With few exceptions modern theories of cosmology have come to be variations on the homogeneous, isotropic models of general relativity. Other theories are usually referred to as ‘unorthodox,’ probably as a warning to students against heresy. When inhomogeneities [NB: theories that can lead to an Earth‐ centered universe] are considered (if at all), they are treated as unimportant fluctuations amenable to first‐order variational treatment....But if nature refuses to cooperate, or for a time remains silent, there is a serious danger that the constant repetition of what is in truth merely a set of a priori assumptions (however rational, plausible, or otherwise commendable) will in time become accepted dogma that the unwary may uncritically accept as established fact or as an unescapable logical requirement. There is also the danger inherent in all established dogmas that the surfacing of contrary opinion and evidence will be resisted in every way. 11

With few exceptions, modern theories of cosmology have come to be variations on the homogeneous, isotropic models of general relativity. Other theories are usually referred to as ‘unorthodox,’ probably as a warning to students against heresy. When inhomogeneities [read: theories that can lead to 
an Earth‐centered universe] are considered (if at all), they are treated as unimportant fluctuations amenable to first‐order variational treatment.12


Palm: [NB: One could add that the new geocentrists regularly feel perfectly free to make up ad hoc "explanations" for various phenomena, modify their position at will (e.g. their "explanation" for stellar parallax), and pull "evidence" for their position out of thin air.]



R. Sungenis: Not quite. The first one to “make up ad hoc explanations for various phenomena” was Copernicus himself. He couldn’t get his model to work correctly, so he began to add the same epicycles to his model that he had criticized in Ptolemy’s model! In the end, Copernicus ended up with more epicycles than Ptolemy! Tell me where you’ve read that in your teenager’s high school science book. You haven’t, because it is a most well‐kept secret. (Of course, Palm would now accuse me of starting a “conspiracy theory”).

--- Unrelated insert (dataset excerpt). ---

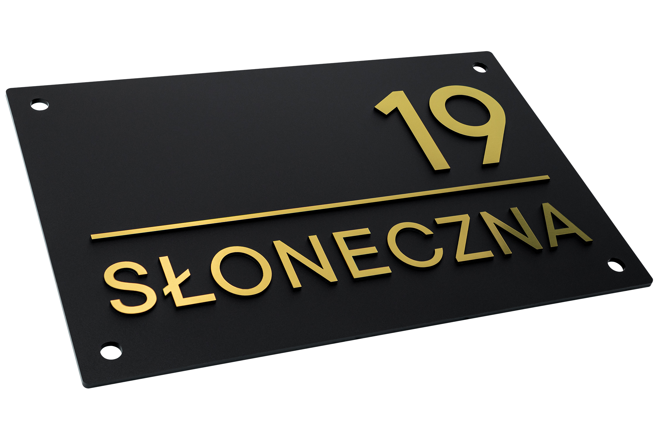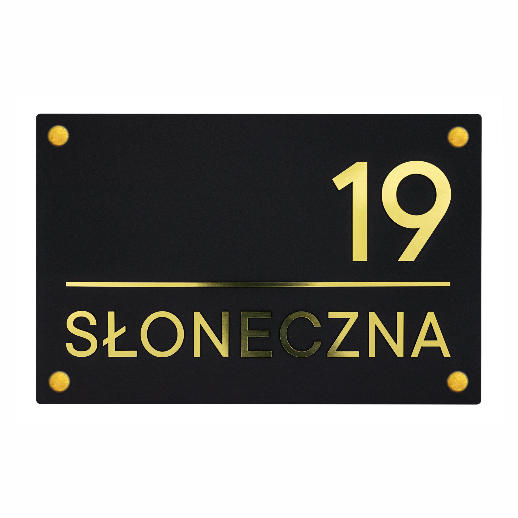 Tabliczka wykonana z plexi czarnej matowej 3 mm, literki wykonane z laminatu złotego szczotkowanego.

As for stellar parallax, we simply use the already agreed‐upon distance between the Sun and the Earth to answer parallax, aberration, the seasons, and the CMB dipole anisotropy. Unlike Big Bang cosmology, we aren’t inventing anything. The distance between the Sun and the Earth is already there. The question becomes: how are we going to use it? That is a far cry from inventing such things as inflation, dark energy, dark matter, and a speed of light and mass that sometimes is confined to c and at other times can exceed c.



Palm: What hope do the geocentrists have to understand it and to draw reasoned conclusions from the measurements, devoid as they are of scientific training and mathematical skills?

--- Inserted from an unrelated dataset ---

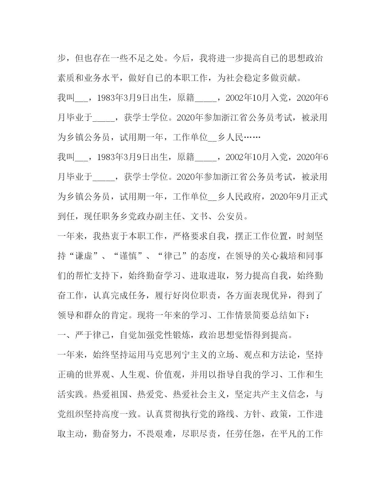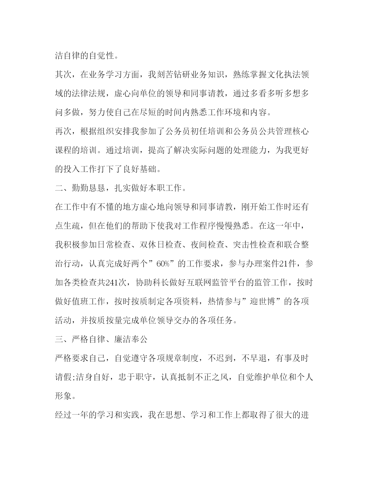 PAGE此资料由网络收集而来,如有侵权请告知上传者立即删除。资料共分享,我们负责传递知识。公务员转正个人总结怎么写?每一个员工都要对自己的工作进行阶段性的总结,在总结中发现问题,吸收经验教训。下面是小编给大家精心挑选的工作总结,希望能帮助到大家!被评为全省司法行政系统公务员基本素质教育考试考核组织工作先进个人,按照领导的安排撰写好各类文字材料,本人一直负责起草年度及各阶段培训计划。近某年来,本人在局党组的正确领导下,政治立场坚定,工作兢兢业业,生活作风严谨。出色完成了领导交办的各项工作任务。已连续两年在公务员年度测评中被确定为优秀等次,__年还被市委、市政府授予“政法系统先进工作者”称号,现将近年来工作情况总结如下:一、加强学习,不断提高自身素质首先,加强理论学习,认真学习“三个代表”的重要思想,并积极参加局里组织的各种政治学习,不断提高自己的理论水平,从政治思想上同局党组保持高度一致。同时,加强了业务知识及文化知识的学习,为了适应工作需要,我报考了省委党校举办的法律本科班,利用业余时间自修了全部课程,现已毕业。同时,按照上级要求,结合自身工作实际,认真学习了司法行政系统公务员基本素质教育考试的全部内容。并在全国司法行政系统公务员考试中取得了十分优异的成绩,并被评为全省司法行政系统公务员基本素质教育考试考核组织工作先进个人。另外,结合自己的工作实际,认真学习了“四五”普法相关的法律知识,为更好的开展工作打下了基础。二、勤勤恳恳,扎实做好本职工作1、全面掌握全区法制宣传教育工作情况,做好各阶段工作总结,并撰写有关材料。宣教科是普法和依法治区的办事机构,上接区委、人大、政府和上级业务部门,下连各个基层单位,作为宣教科副科长,我充当了全区普法工作第一联络员的角色。几年来,我在自己的岗位上,充分发挥自己的主观能动性和创造性,按照领导的安排撰写好各类文字材料,做好上传下达及各类典型经验的推广。每年撰写的各种材料都在40篇以上,确保了普法工作的顺利开展。2、管理文件、资料,做好分类、登记和建档工作,并按上级要求,及时、准确填报各种报表。由于普法工作涉及的各种文件、资料不仅量大,而且比较繁杂,我除平时认真作好各种文件、资料的及时处理外,在“三五”普法验收准备期间在科里其他同志协助下,按照省、市验收小组的统一要求,对“三五”普法五年来的文件、资料进行了重新装订、整理,共装订档案60余卷。确保了验收工作的顺利进行,并受到市考核组领导的一致好评。3、按照局领导的安排,抓好全区普法培训工作。按照省市统一部署及局领导安排,自法培中心成立以来,本人一直负责起草年度及各阶段培训计划,并负责培训班大纲、资料、通知、试卷、课程设置等的准备及起草工作,确保了各类培训班的顺利进行。成功举办了各类培训班100多期,不仅赢得了社会效益,也创造了可观的经济效益,促进了普法工作的全面开展。近年来,本人虽然在工作中取得了一定成绩,但也存在许多不足,比较突出的是工作上不够主动、大胆。在今后的工作中,我将努力克服自身不足,发扬成绩,争取在工作中取得更加突出的成绩。我是20_年9月进入单位工作的,在这一年里,我严格要求自己,认真学习党的十八届三中六中精神,深入贯彻落实科学发展观,刻苦钻研业务知识,不断提高自己业务水平,一丝不苟地完成工作任务,在领导的培养帮助、同事们的关心支持下,我在思想、学习和工作能力等方面都有很大提高,现总结如下:一、加强学习,不断提高自身素质首先,自觉加强政治理论学习,积极参加单位的集体政治学习和观看廉政教育片等活动,进一步认识和了解党的十七大精神和科学发展观,不断提高自己的理论水平与政治素质。在工作中,我牢固树立马克思主义的世界观、人生观、价值观,抵制各种腐朽思想,在各种诱惑面前做到一身正气,保证了自己在思想上和党保持一致性,强化了廉洁自律的自觉性。其次,在业务学习方面,我刻苦钻研业务知识,熟练掌握文化执法领域的法律法规,虚心向单位的领导和同事请教,通过多看多听多想多问多做,努力使自己在尽短的时间内熟悉工作环境和内容。再次,根据组织安排我参加了公务员初任培训和公务员公共管理核心课程的培训。通过培训,提高了解决实际问题的处理能力,为我更好的投入工作打下了良好基础。二、勤勤恳恳,扎实做好本职工作。在工作中有不懂的地方虚心地向领导和同事请教,刚开始工作时还有点生疏,但在他们的帮助下使我对工作程序慢慢熟悉。在这一年中,我积极参加日常检查、双休日检查、夜间检查、突击性检查和联合整治行动,认真完成好两个”60%”的工作要求,参与办理案件21件,参加各类检查共241次,协助科长做好互联网监管平台的监管工作,按时做好值班工作,按时按质制定各项资料,热情参与”迎世博”的各项活动,并按质按量完成单位领导交办的各项任务。三、严

R. Sungenis: Devoid? Let’ see. I was a physics major in college. My co‐author, Robert Bennett, has a Ph.D. in Physics. My major consultant, Gerhardus Bouw, has a Ph.D. in Astronomy. We have all published papers and books showing that we know the science and the math. Once again, Palm and MacAndrew are creating a straw man of their own choosing.



Palm: The geocentrists’ key misunderstanding of the science which is the foundation for their most vociferous claims is their misinterpretation of the directional alignment of the multipoles as data which yields positional information. The alignments, anomalous as they are, carry no information about the location of the Earth or any other object.

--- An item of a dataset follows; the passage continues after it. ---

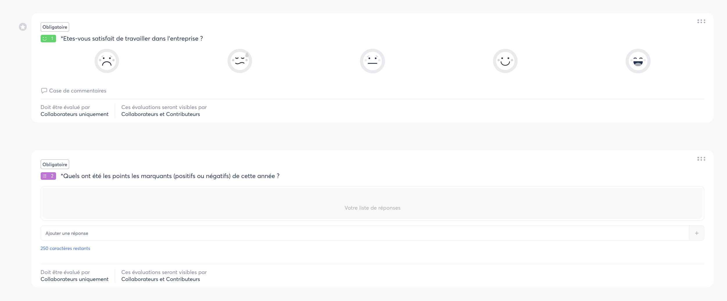 - Contributeur uniquement : visibles et complétées uniquement par les managers/contributeurs.

R. Sungenis: And we have seen above what a total misrepresentation MacAndrew’s caricature is of what we do and the evidence itself.




Palm: The fact that there are unexplained anomalies in the CMB is undeniable and no‐ one is seeking to deny it. But the key question is whether these anomalies warrant the rhetoric and extreme claims of the geocentrists.



R. Sungenis: Well, we already saw that the only one engaging in “extreme claims” is David Palm, since he mistakenly holds that “the approximate alignments in the CMB data actual support their very specific contention that the Earth is the motionless center of the universe.” Obviously, since Palm doesn’t even know what his opponent is saying, he has discredited himself.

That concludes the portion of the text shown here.